Inti Raymi celebrations

Happy Peruvian Dancer

Happy Peruvian Dancer

the cock, bull and woman

the cock, bull and woman

it goes on and on...

it goes on and on...

the entire day...in any weather...

the entire day...in any weather...

...the celebration lasts 1 week

...the celebration lasts 1 week

and everybody goes crazy

and everybody goes crazy

During the entire week the city is going crazy! Everywhere people are dancing in their traditional costumes, bands play and people are celebrating! Street vendors sell all kinds of food on the street and everybody is drinking lots and lots of alcohol - short, a mega street party!
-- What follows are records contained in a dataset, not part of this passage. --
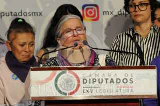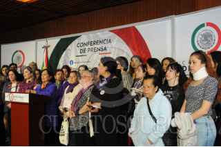 CIUDAD DE MÉXICO, 12MARZO2024.-Una de las mujeres que fue agredida durante la protesta, ofreció unas palabras durante la conferencia. FOTO: DANIEL AUGUSTO / CUARTOSCURO.COM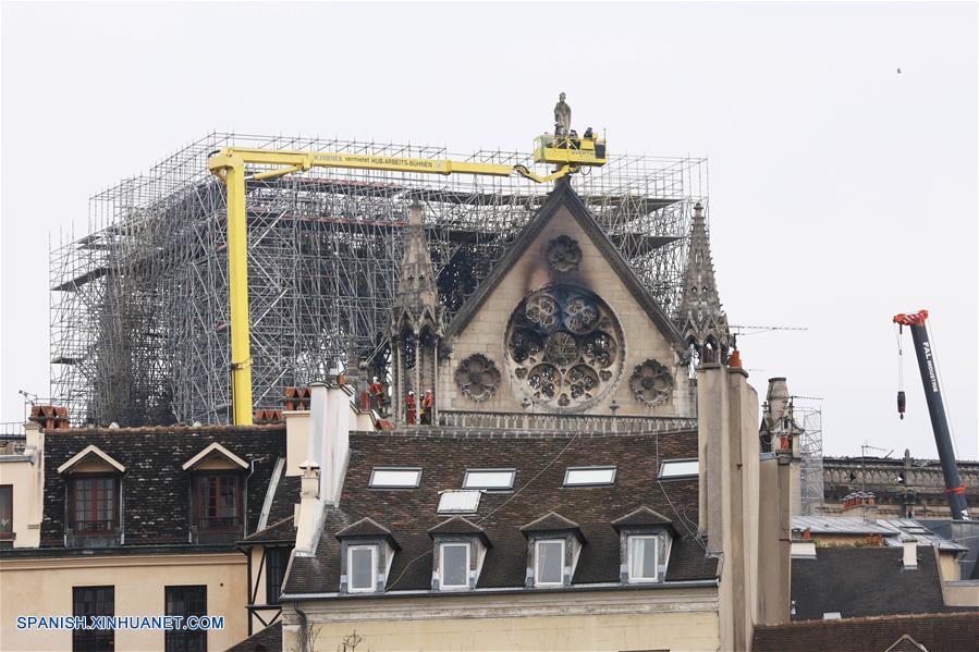 PARIS, 16 abril, 2019 (Xinhua) -- Trabajadores laboran en la da?ada catedral de Notre Dame después de un incendio, en París, Francia, el 16 de abril de 2019. El presidente de Francia, Emmanuel Macron, prometió el lunes reconstruir la catedral de Notre Dame, devastada por un incendio, en un lapso de cinco a?os e hizo un llamado a los franceses para que permanezcan unidos. (Xinhua/Gao Jing)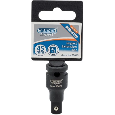 General description This is a 45mm impact extension bar designed for 3/8-inch square drive tools. It is suitable for use with impact wrenches and drivers, providing extended reach and improved access to fasteners in tight spaces. Technical specifications Length: 45mm Drive Size: 3/8 inch square Material: Chrome molybdenum steel Finish: Hardened, tempered, and chemically blacked for corrosion resistance Features: Spring-loaded ball bearing for secure socket retention Compatibility and accessories Compatible with 3/8-inch drive impact tools and sockets Suitable for use with impact wrenches and drivers Installation Insert the impact extension bar into the socket and impact tool's drive end Ensure the spring-loaded ball bearing clicks into place for secure attachment Usage Use with impact drivers or wrenches for fastening or loosening bolts and nuts Ideal for reaching fasteners in confined or hard-to-access areas Other information Expert quality, forged for durability and strength Display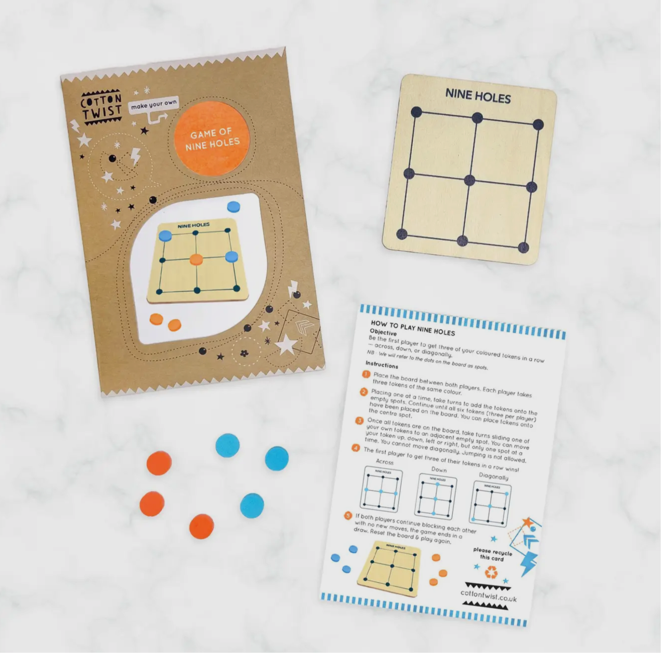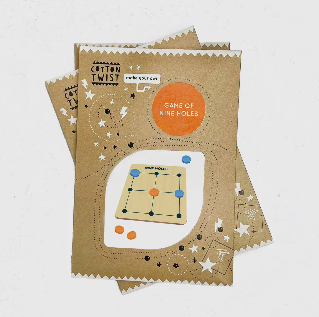 Låt dig inte luras av dess enkelhet — Nine Holes är en snabb, framåttänkande klassiker som handlar om att överlista din motståndare med bara tre brickor var. Turas om att placera dina brickor på nio-rutnätet, och gå sedan in i glidfasen där varje drag räknas. Med inga diagonala drag tillåtna är det en härlig utmaning av logik, planering och smart blockering. Perfekt för resor, kaféer, festpåsar eller efter-skolan-avkoppling. Nine Holes uppmuntrar kritiskt tänkande och taktiskt spel, allt i ett format som är snabbt att sätta upp och oändligt spelbart.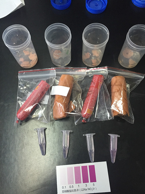 通過(guò)觀察我們可以發(fā)現(xiàn)2號(hào)相對(duì)顏色較深,其他顏色基本不變,這個(gè)說(shuō)明路邊烤腸中亞硝酸鹽含量超標(biāo),而商場(chǎng)火腿亞硝酸鹽含量基本符合標(biāo)準(zhǔn);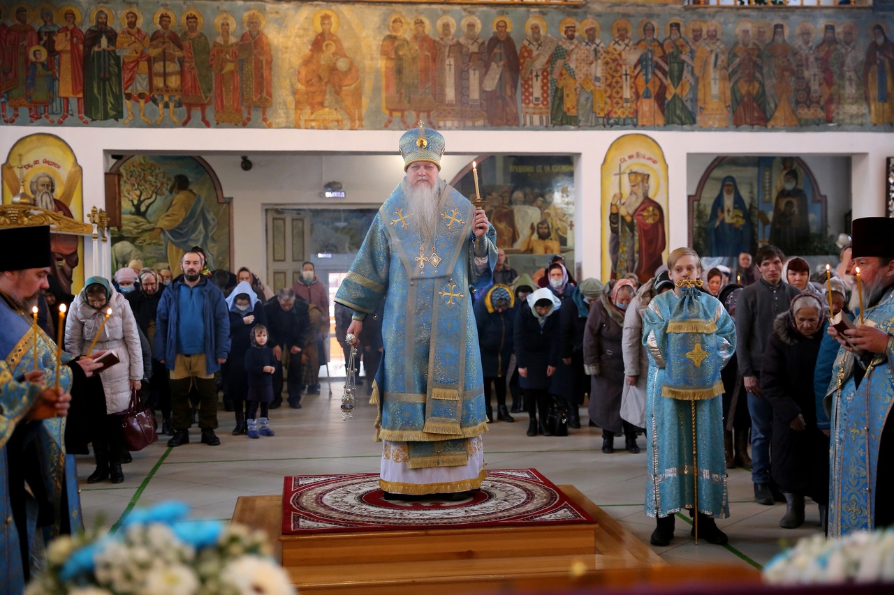 В праздник Благовещения Пресвятой Богородицы, епископ Волжский и Сернурский Феофан возглавил всенощное бдение и Божественную литургию в Никольском кафедральном соборе.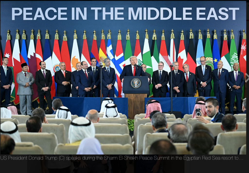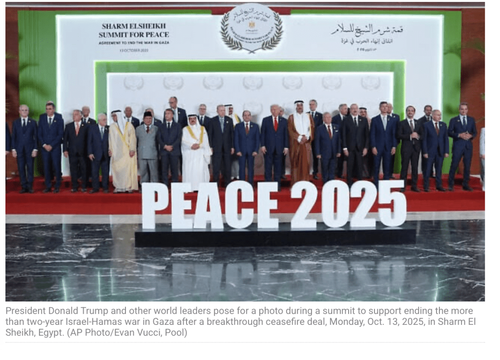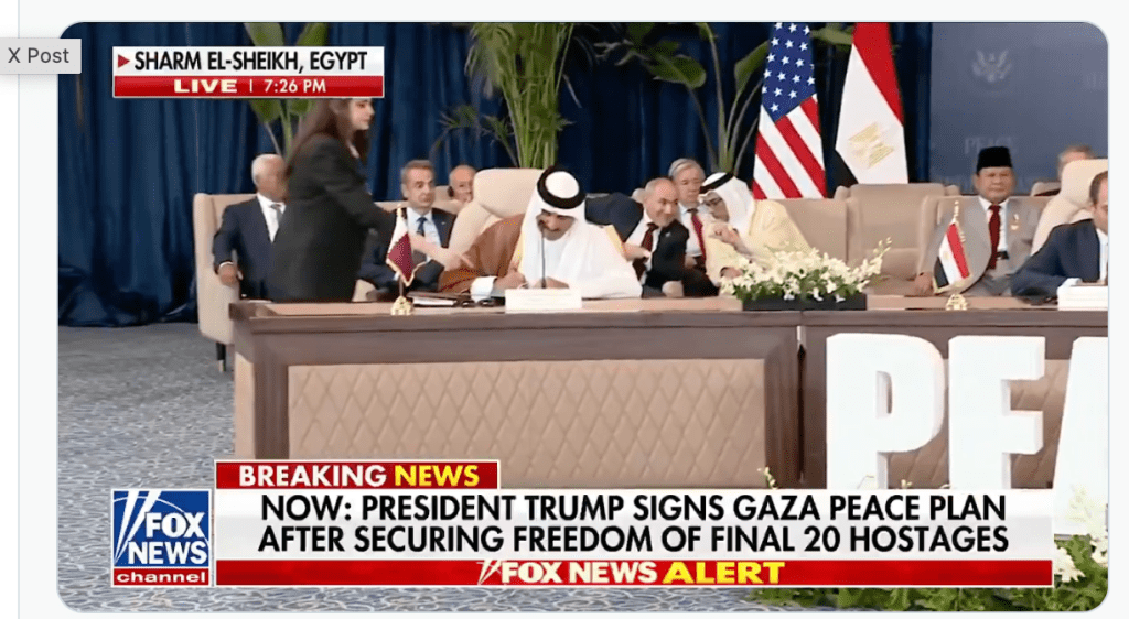 Die Staatschefs der Türkei, Katars, Ägyptens und der USA unterzeichneten gestern Abend in Sharm el-Sheikh das Dokument, das den Waffenstillstand in Gaza festigen soll, sollte es jemals so weit kommen. Es hält mit Regeln und Vorschriften fest, wie dieser Waffenstillstand überprüft werden wird. «Dreitausend Jahre hat es bis hierher gebraucht, es ist unglaublich», raisonierte Trump «aber es wird halten, es wird halten.» Auf welchen Zeitraum sich Trump bezog, blieb offen. An die hinter ihm sitzenden Staatschefs gewandt erklärte er: «Sie wollten Gaza in Ordnung bringen. Sie wollten die ganze Sache in Ordnung bringen. Es war an einem Punkt angelangt, an dem es einfach verrückt war. Sie haben immer davon gesprochen, dass der Dritte Weltkrieg im Nahen Osten beginnen würde, aber das wird nicht [mehr] passieren», fügte er hinzu. Ohne den genauen Inhalt des Dokuments bekannt zu geben, erhielt es vom Weissen Haus den Titel: ‘Gaza-Friedensplan für den Frieden im Nahen Osten’. Vor der feierlichen Unterzeichnung defilierten die etwa 35 Teilnehmer an Trump vorbei, Shake-Hands, einige wenige persönliche Worte, ein Erinnerungsfoto und abtreten. Trump hielt vor seinem Abflug aus Sharm el-Sheikh fest, dass sein Plan nichts mit der Zwei-Staaten-Lösung zu tun hat. Der ägyptische Präsident el-Sissi hatte die Hoffnung nach einem Zusammenhang Ausdruck verliehen. Dazu Trump: «Wir sprechen hier über einen ganz anderen Plan. Ich spreche über etwas ganz anderes. Wir sprechen über den Wiederaufbau von Gaza.» Bei dieser Aussagen werden einige Teilnehmer trocken durchgeschluckt haben……

As I (Nora) developped a tooth ache over the last few days my first visit was the dentist.
If you enjoy reading a disgusting tooth story keep reading, if not skip the following few paragraphs and continue reading after the next photo.
How did the whole disaster start? I woke up with a really bruised feeling in my jaw - my tooth didnt hurt at all, it just felt like somebody punched me into my cheek and i assumed i must have either slept in an awkward position or maybe marc must have dug his elbow into my cheek whilst sleeping.

the pain didnt go away and after a couple of days my tooth started to hurt.
I started taking painkillers which initially helped but then the pain got so big that they stopped working. I couldnt sleep for several nights and was more than happy when we finally arrived in a bigger city to find a dentist.

In the dental clinic i was told that i had a jaw-bone infection. The tooth that hurt was actually a dead one (had a root canal treatment years ago) but due to the infection below this tooth it still hurt. The dentist drilled a hole into my tooth so that the infection could exit. he had to drill pretty deep (23 millimeters) as my roots are loooong. (any memories j when i had my wisdom tooth removed last year?) As all other dentists he couldnt believe how long my roots are.
And he prescribed me antibiotics.
I felt better after the visit - the pressure in my mouth has disappeared and the pain was much less. The next day I had to see the dentist again and he was so confident that I reacted well on the treatment that he decided to fill the hole with a provisional filling.
WHAT A MISTAKE! the infection got worse soon after and my cheek and chin swell up enormously. I was in such pain i can hardly describe it! whenever my tongue touched my tooth just slightly i thought my entire head is going to explode -electric shocks ran through my body! awful! Concerning my swollen jaw I said to marc that i looked like Michael Schumacher but he replied i looked more like Coulthard. I was in real pain!!! The next day at the dental practice the poor dentist couldnt believe his eyes. He apologized immediately and opened the tooth again which made me feel immediately better.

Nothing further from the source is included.